The Gordon Field House is a fairly new, and spacious, basketball arena,
and was a good place to see Bob play. My friend Chuck (the guy who was
treated so shabbily by a security guard spoiling for a fight - see Chuck's
account elsewhere on this page) and I were standing about 50 or 60 feet
back from the stage, just to the right of centre. It was a pretty good
place to see, and hear, the show. I heard a couple of people complain that
they couldn't understand anything Dylan sang or said, but you could hear
it all from where we were. I also will not go through song-by-song
breakdown of the show, but instead offer up some random thoughts and
impressions. I noticed fairly early on that there was a woman doing sign
language for hearing-impaired people. She was standing off to the band's
right, and was lit with a spot light as she signed Dylan's lyrics while
dancing a little. I thought this was very cool, and I wish Dylan had
acknowledged her near the end of the show when he introduced the band. I
wonder if she travels with him, or if she was someone local. Whoever you
are, thanks for being there. For me, the highlight of the performance was
"The Ballad of Hollis Brown", which was presented in a beautiful acoustic
arrangement. Tony Ganier played his acoustic, stand-up base, and played it
with by strumming a bow gently across its strings. Another highlight was
"Visions of Johanna", which I've always thought of as one of the most
beautiful songs in Dylan's repertoire. It was the first time I'd heard it
played since the summer of 1991, when he did it at the Kingswood Music
Theatre, at an amusement park north of Toronto.
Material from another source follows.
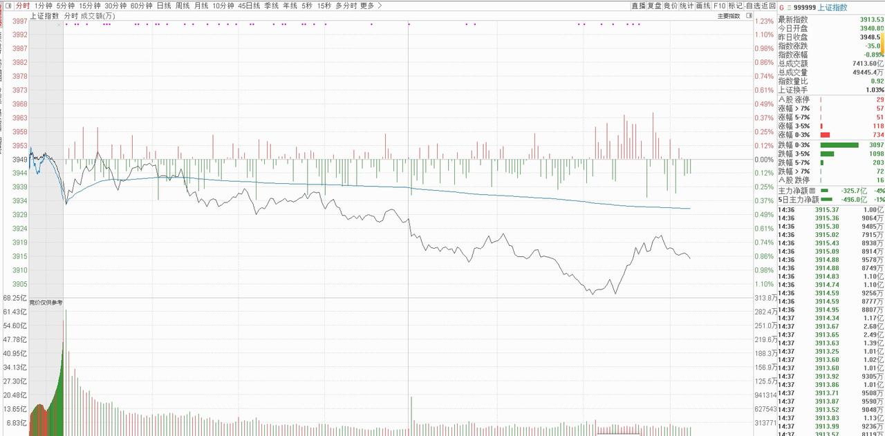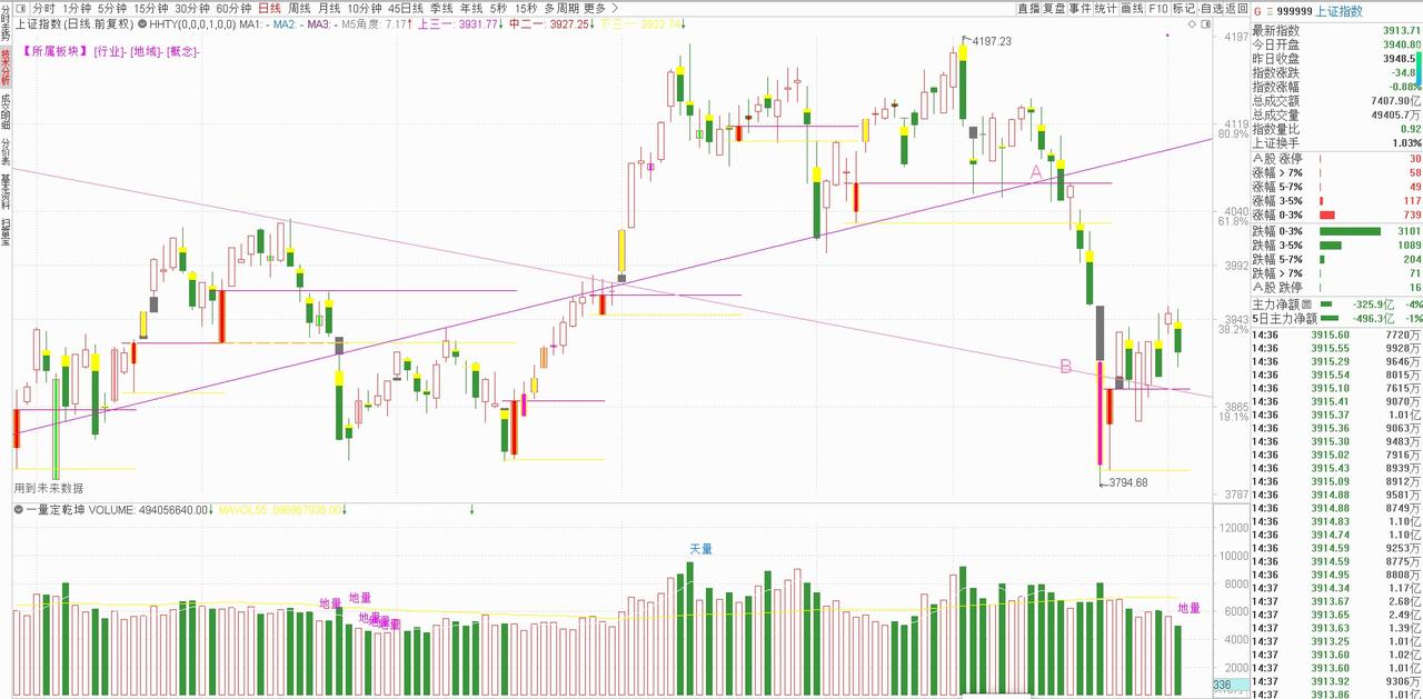 4月3日大盘走势前瞻:明天(2026年04月03日)星期五的大盘走势: 今天大盘走出了一波看似波澜不惊,实则暗藏玄机的行情。开盘跳低至3940点后,大盘短暂冲高回落。 早盘9点31分上穿人线,9点40分突破零轴,看似强势的上攻却在9点41分戛然而止,尖角波的出现成为了行情反转的信号。根据量学理论,尖角波往往意味着股价“从哪里来回哪里去”,果不其然,大盘随即冲高回落,相继跌破零轴与人线。此后,大盘在人线附近反复纠缠,多次上碰却始终无法有效突破,11点24分更是走出了龟背行情。量学中早有定论,龟背行情出现时,大盘真底会逐步下移,再配合人线的持续向下倾斜,市场弱势格局已然确立。尾盘14点11分再次出现的尖角波,进一步印证了当天分时走势的不健康。 今天大盘最高上探至3952点,与此前划定的中线3942点仅相差10个点,上攻力度明显不足;而最低下探至3900点,触及0323阴元帅柱的上三一位,获得支撑。昨天的收盘使得0327成为王牌柱,且大盘始终在太极线B上方运行,大盘目前处于安全区间。 明天的盘前三线:上线3956点,中线3915点,下线3885点。 目前市场量化大行其道,散户在短线交易中毫无优势可言。量化交易凭借其高速运算能力与精准算法,总能在短线行情中抢占先机,别盲目跟风,容易被沦为收割对象。

And "Dignity" rang true in
a forceful, rhythmic delivery. This was the first time I'd ever heard this
one live (I've seen Bob perform about 45 times). I remember there were
often calls from the audience for this song to be performed when it
emerged about ten years ago, as part of the "Unplugged" release. As far as
I know, he never did it back then. But it was worth the wait. "Summer
Days" was a great closer to the pre-encore set. But it was nothing like
the blistering rendition that we saw several years ago at the Molson
Amphitheatre in Toronto, when Charlie Sexton brought the house down with a
big red electric guitar. This was the first show I have seen with Stu
Kimball on guitar. He seems to settle back into the mix a little more than
earlier guitarists have. I know this isn't the majority view out there,
but I liked the now-departed Freddy Koella. He played some tight and right
solos during Dylan's three-night, three-venue stand in Toronto last March.
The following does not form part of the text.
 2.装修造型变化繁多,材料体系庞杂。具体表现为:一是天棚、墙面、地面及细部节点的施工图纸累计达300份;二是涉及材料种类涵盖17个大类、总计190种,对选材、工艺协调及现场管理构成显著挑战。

I hope we see and hear Bob play guitar again someday. There were moments
in Rochester when you could actually hear some piano chords coming from
his keyboards, but they were infrequent. That's it. Thanks for reading...

Paul Bagnell


Review by Stuart Gilmour

What a treat. Ventured down from Canada for another wonderful show. A fine
blend of old and new, electric and acoustic. Visions of Johanna will
remain with me for a very long time. Mr. Dylan was his now usual awkward
jumble of slightly spastic body english. He left the keys at one point,
shuffled towards the rear of the drum kit, couldn't make a circle around
so did a three sixty back to his keyboard. Maybe it's just me, but I
thought this was hilarious. This is my favorite band because they are just
so real. Mistakes, mistiming and all that stuff just reinforces that this
is real music played by very real folks. A very sincere tip 'o my hat to
the finest drummer, vastly underrated, Mr. George Recile. Ever heard
George miss a beat? Thanx to Rochester for the fine hospitality and free
parking at the show. Thanx Mr. Dylan, wherever you are.